Senior debt / loan – a debt that takes priority over any unsecured debt or ‘junior debt’. If the borrower is unable to repay its debts or the ‘senior’ debts have priority over any available funds or are repaid first from the sale of assets. See also ‘junior debt’.

Social impact - there is no standard definition of social impact, but it can be defined as the effect on people, community or society that happens as a result of an action or inaction, activity, project, programme or policy. In social investment the social impact is the social outcomes, return or benefit expected from the investment alongside the financial return.

Social Impact Bond (SIB) – a contract between a service provider (usually a charity or social enterprise) and a public sector body or Government department in which a commitment is made to pay for the delivery of a service on the basis of the results and social outcomes achieved. The service provider raises social investment to fund the delivery of services. The social investors are repaid if and when prescribed social outcomes are achieved. A Social Impact Bond is a type of ‘payment by results’ model.

Social Investment – the use of money to achieve a social impact and financial return.

Social Investment Financial Intermediary (SIFI) - an organisation that channels investment from investors to social sector organisations through social investments e.g. loans. SIFIs usually manage social investment funds. SIFIs also play a wider role in the sector e.g. by providing advisory services.

Special Purpose Vehicle (SPV) – a subsidiary company created for a specific purpose or activity. An SPV is legally separate to its parent organisation so can still fulfil its obligations if the parent company is dissolved or goes bankrupt.

U

Unsecured loan – a loan that does not take security over the borrower’s assets.
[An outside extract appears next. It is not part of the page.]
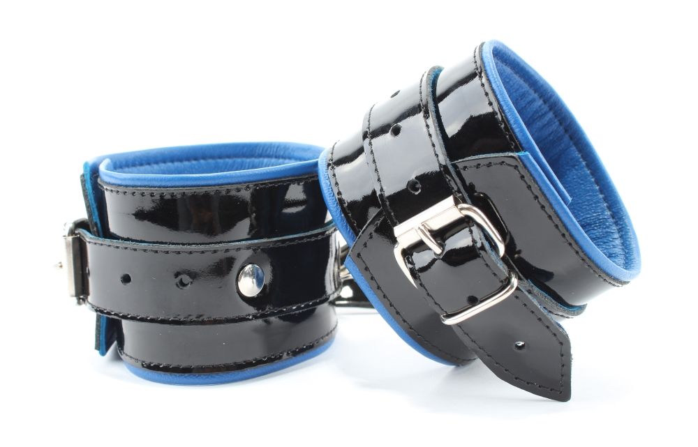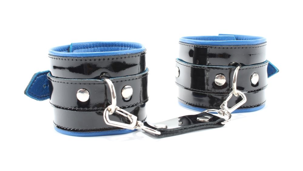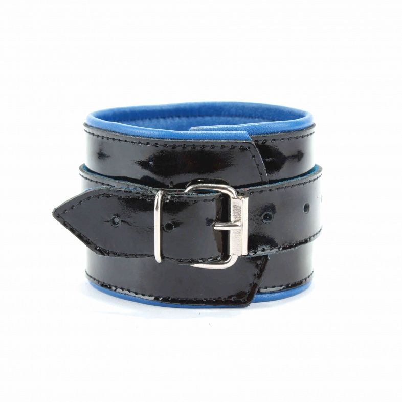 Наручники из натуральной кожи с лаковым покрытием, Подклад из нежной кожи контрастного синего цвета. Сварная металлическая фурнитура и цельный хлястик для надежной фиксации. Ширина - 6 см.

The risk for the lender is greater and therefore interest rates are usually higher than for secured loans.

Underwriting – a commitment to provide financial support if other sources are not secured.

W

Working capital - the funding required to cover operational costs and manage the timing differences of income and expenditure. Working capital can be used to support an organisation while it raises money or generates income to cover its costs in the longer term or can be a short term arrangement like a bridging loan or overdraft facility.

Write-off - the value of the investment is permanently reduced in an investor’s accounts if the borrower is not able to repay the full value of the loan.

Y

Yield – The income return on an investment. This refers to the interest or dividends paid and is usually calculated annually.